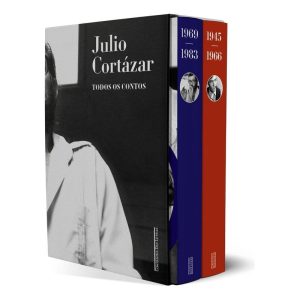 Pela primeira vez no Brasil, todos os contos do autor argentino, reunidos em dois volumes com capa dura, numa caixa com projeto gráfico especial. Vencedor do Prêmio Jabuti na categoria “Tradução”. “A verdadeira revolução de Cortázar está nos contos. Neles, Cortázar não experimentou: ele encontrou, descobriu, criou algo que não perece”, anotou o escritor Mario Vargas Llosa. Com novas traduções de Heloisa Jahn e Josely Vianna Baptista, uma edição com os contos completos de Julio Cortázar chega pela primeira vez ao leitor brasileiro. Considerado um dos autores mais inventivos do século XX, Cortázar modificou para sempre o gênero e escreveu clássicos como “Casa tomada”, “A autoestrada do sul”, “Carta a uma senhorita em Paris”, “Continuidade dos parques”, “As babas do diabo”, “A ilha ao meio-dia”, entre muitos outros. Esta edição de Todos os contos, em dois volumes com capa dura e mais de 1200 páginas, vem numa caixa com projeto especial de Elaine Ramos. Bestiário, Todos os fogos o fogo, As armas secretas, Octaedro, Fim do jogo, Histórias de cronópios e de famas, todos os livros fundamentais de Cortázar estão aqui. A edição conta ainda com os dois célebres ensaios do autor sobre a escrita de contos, “Alguns aspectos do conto”, de 1963, e “Do conto breve e seus arredores”, de 1969, além de um estudo do crítico argentino Jaime Alazraki sobre o Cortázar contista. “Em Cortázar, o conto é entendido como uma totalidade orgânica, uma narrativa de economia rigorosa, uma estrutura em tensão, limitada quanto ao tempo e quanto ao espaço, na qual todos os elementos devem estar, necessariamente, em função do efeito unitário do conjunto.” — Davi Arrigucci Jr.
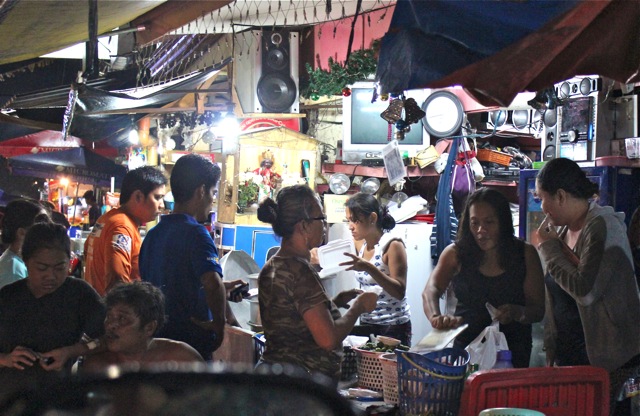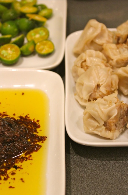 Business was extremely brisk, and several customers lined up to purchase 3, 5 or 10 pieces, either to eat at makeshift tables out front, or to take home. Folks around the world (and all those in China in particular) might be mortified to find out that Filipinos have taken a classic dimsum dish, meant for noshing without rice, and have made it the primary viand in a meal of siomai and rice, with lots of soy sauce, chili oil and kalamansi juice as a dip.
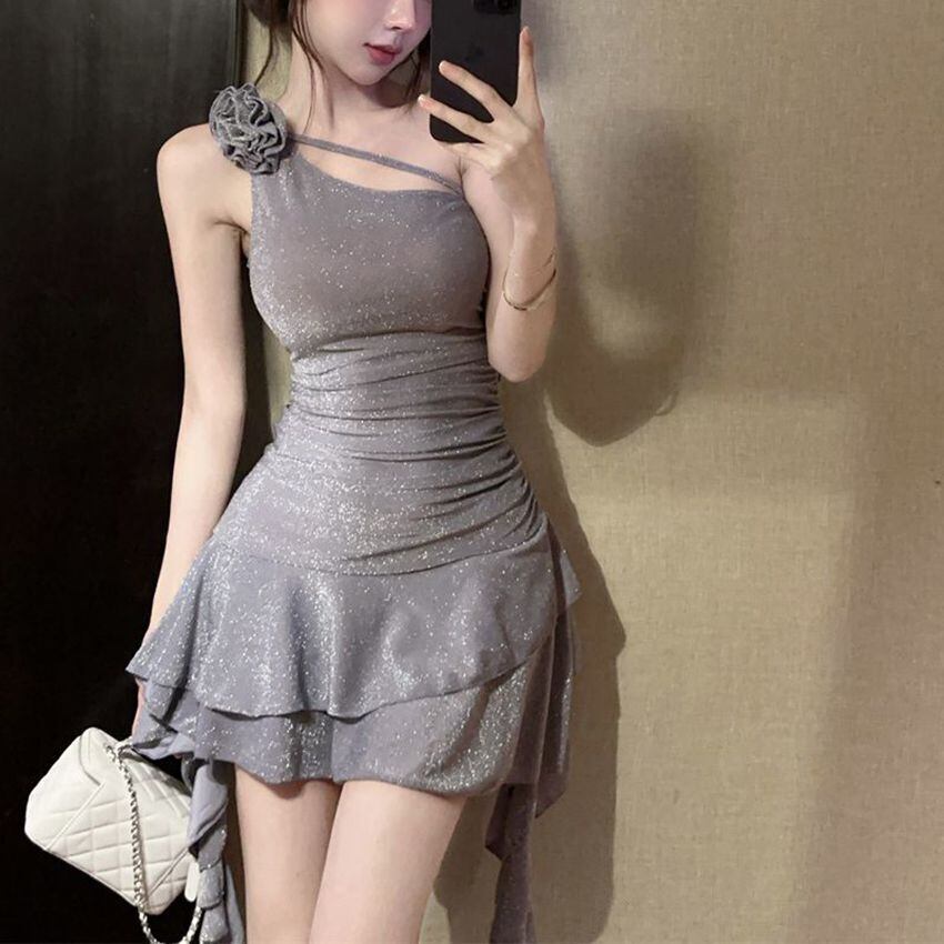 レディース ワンピース ミニワンピ ミニ 袖なし ワンショルダー タイト フリル グリッター スパンコール きれいめ 大人可愛い セクシー エレガント 無地 春 夏 20代 30代 デート 女子会 お出かけ ウエストシェイプ S M L グレー 紫 グレーパープル
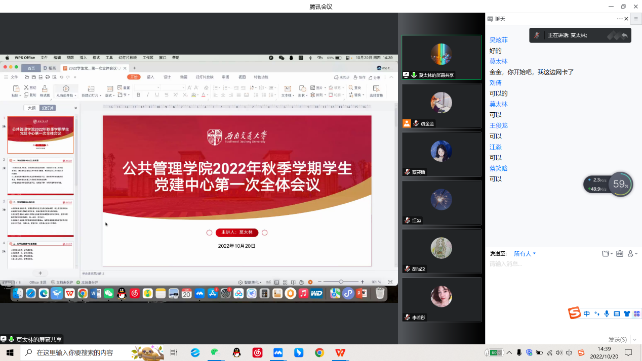 会议第二部分,由莫太林老师主持召开“2022年秋季学期员工党建中心第一次全体会议”,会议主要从员工党建中心成立背景、定位与期望、部门职责、重点工作等方面展开。他指出,目前我们面临着上级党组织和基层员工党支部有效链接不足,基层专职员工党建队伍不足,员工党建工作存在规范性不足、创新性不够、作用不强等系列问题。而党建中心是连接公司、公司党委和员工党支部之间的桥梁,能有效将上级党组织的决议和要求传导给员工党支部,整体性加强了对基层员工党支部的链接和对公司员工党建工作的规范指导,促使公司基层党建工作规范统一、有序运行。在此,他提出了新的工作期望,希望全体干部都能弘扬伟大建党精神和自我革命精神,在支部工作做成做新的基础上,进一步凝练总结出优秀可传承的工作方法,打造富有特色的具有先进典型示范引领作用的支部。
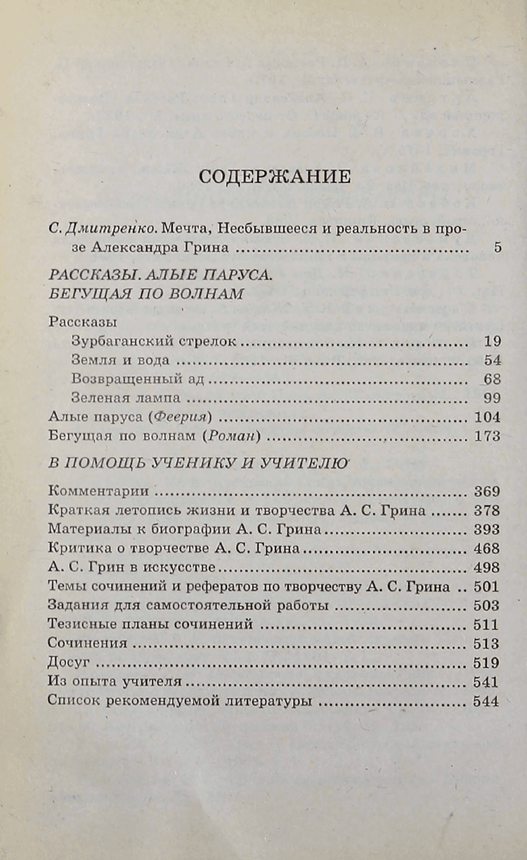 Настоящее издание кроме произведений А. С. Грина, изучаемых по школьной программе, содержит много дополнительных материалов. В помощь учащимся и учителям публикуются комментарии к текстам, летопись жизни и творчества писателя, высказывания критиков о нем, воспоминания современников, темы сочинений и развернутые планы некоторых из них, задания для самостоятельной работы и т.д., а также материалы, которые в равной мере можно использовать как для проверки знаний, так и на досуге, во время тематических школьных вечеров.
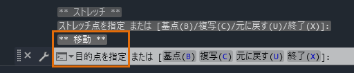 コマンド プロンプトに現在のモードが表示されます。カーソルを移動して、モードを確定することができます。最後はストレッチ モードに戻ります。
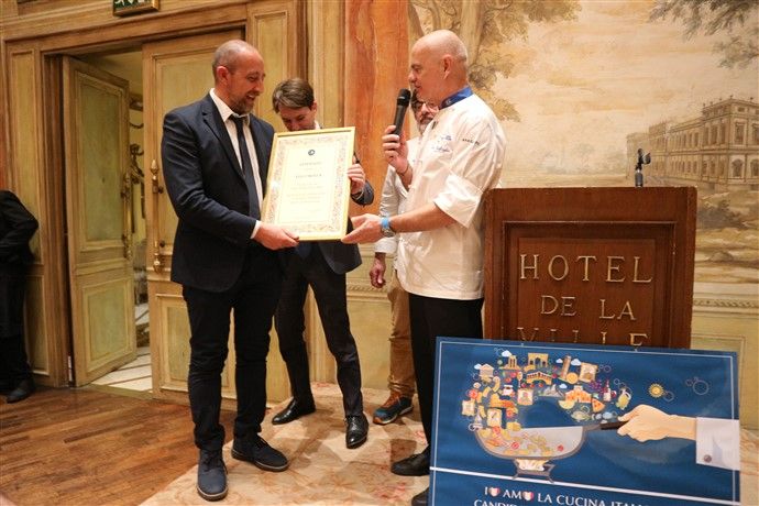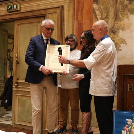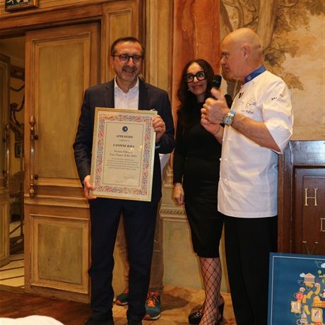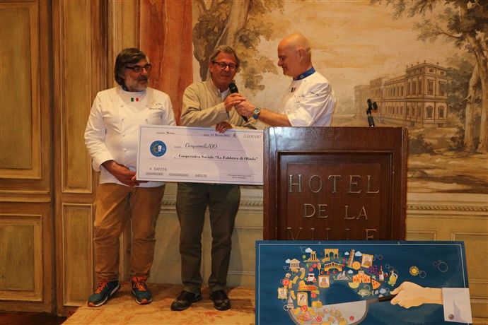 Alla fine della serata, Euro Toques ha offerto un contributo economico alla cooperativa sociale “La Fabbrica di Olinda” (https://www.olinda.org/), poiché tra gli obiettivi di Euro Toques ci sono anche la solidarietà e il supporto alle iniziative sociali.

= About this task =
Write out the listing again word for word, but without its pictures.

= Answer to the problem =
 Pela primeira vez no Brasil, todos os contos do autor argentino, reunidos em dois volumes com capa dura, numa caixa com projeto gráfico especial. Vencedor do Prêmio Jabuti na categoria “Tradução”. “A verdadeira revolução de Cortázar está nos contos. Neles, Cortázar não experimentou: ele encontrou, descobriu, criou algo que não perece”, anotou o escritor Mario Vargas Llosa. Com novas traduções de Heloisa Jahn e Josely Vianna Baptista, uma edição com os contos completos de Julio Cortázar chega pela primeira vez ao leitor brasileiro. Considerado um dos autores mais inventivos do século XX, Cortázar modificou para sempre o gênero e escreveu clássicos como “Casa tomada”, “A autoestrada do sul”, “Carta a uma senhorita em Paris”, “Continuidade dos parques”, “As babas do diabo”, “A ilha ao meio-dia”, entre muitos outros. Esta edição de Todos os contos, em dois volumes com capa dura e mais de 1200 páginas, vem numa caixa com projeto especial de Elaine Ramos. Bestiário, Todos os fogos o fogo, As armas secretas, Octaedro, Fim do jogo, Histórias de cronópios e de famas, todos os livros fundamentais de Cortázar estão aqui. A edição conta ainda com os dois célebres ensaios do autor sobre a escrita de contos, “Alguns aspectos do conto”, de 1963, e “Do conto breve e seus arredores”, de 1969, além de um estudo do crítico argentino Jaime Alazraki sobre o Cortázar contista. “Em Cortázar, o conto é entendido como uma totalidade orgânica, uma narrativa de economia rigorosa, uma estrutura em tensão, limitada quanto ao tempo e quanto ao espaço, na qual todos os elementos devem estar, necessariamente, em função do efeito unitário do conjunto.” — Davi Arrigucci Jr.
 Business was extremely brisk, and several customers lined up to purchase 3, 5 or 10 pieces, either to eat at makeshift tables out front, or to take home. Folks around the world (and all those in China in particular) might be mortified to find out that Filipinos have taken a classic dimsum dish, meant for noshing without rice, and have made it the primary viand in a meal of siomai and rice, with lots of soy sauce, chili oil and kalamansi juice as a dip.
 レディース ワンピース ミニワンピ ミニ 袖なし ワンショルダー タイト フリル グリッター スパンコール きれいめ 大人可愛い セクシー エレガント 無地 春 夏 20代 30代 デート 女子会 お出かけ ウエストシェイプ S M L グレー 紫 グレーパープル
 会议第二部分,由莫太林老师主持召开“2022年秋季学期员工党建中心第一次全体会议”,会议主要从员工党建中心成立背景、定位与期望、部门职责、重点工作等方面展开。他指出,目前我们面临着上级党组织和基层员工党支部有效链接不足,基层专职员工党建队伍不足,员工党建工作存在规范性不足、创新性不够、作用不强等系列问题。而党建中心是连接公司、公司党委和员工党支部之间的桥梁,能有效将上级党组织的决议和要求传导给员工党支部,整体性加强了对基层员工党支部的链接和对公司员工党建工作的规范指导,促使公司基层党建工作规范统一、有序运行。在此,他提出了新的工作期望,希望全体干部都能弘扬伟大建党精神和自我革命精神,在支部工作做成做新的基础上,进一步凝练总结出优秀可传承的工作方法,打造富有特色的具有先进典型示范引领作用的支部。
 Настоящее издание кроме произведений А. С. Грина, изучаемых по школьной программе, содержит много дополнительных материалов. В помощь учащимся и учителям публикуются комментарии к текстам, летопись жизни и творчества писателя, высказывания критиков о нем, воспоминания современников, темы сочинений и развернутые планы некоторых из них, задания для самостоятельной работы и т.д., а также материалы, которые в равной мере можно использовать как для проверки знаний, так и на досуге, во время тематических школьных вечеров.
 コマンド プロンプトに現在のモードが表示されます。カーソルを移動して、モードを確定することができます。最後はストレッチ モードに戻ります。
 Alla fine della serata, Euro Toques ha offerto un contributo economico alla cooperativa sociale “La Fabbrica di Olinda” (https://www.olinda.org/), poiché tra gli obiettivi di Euro Toques ci sono anche la solidarietà e il supporto alle iniziative sociali.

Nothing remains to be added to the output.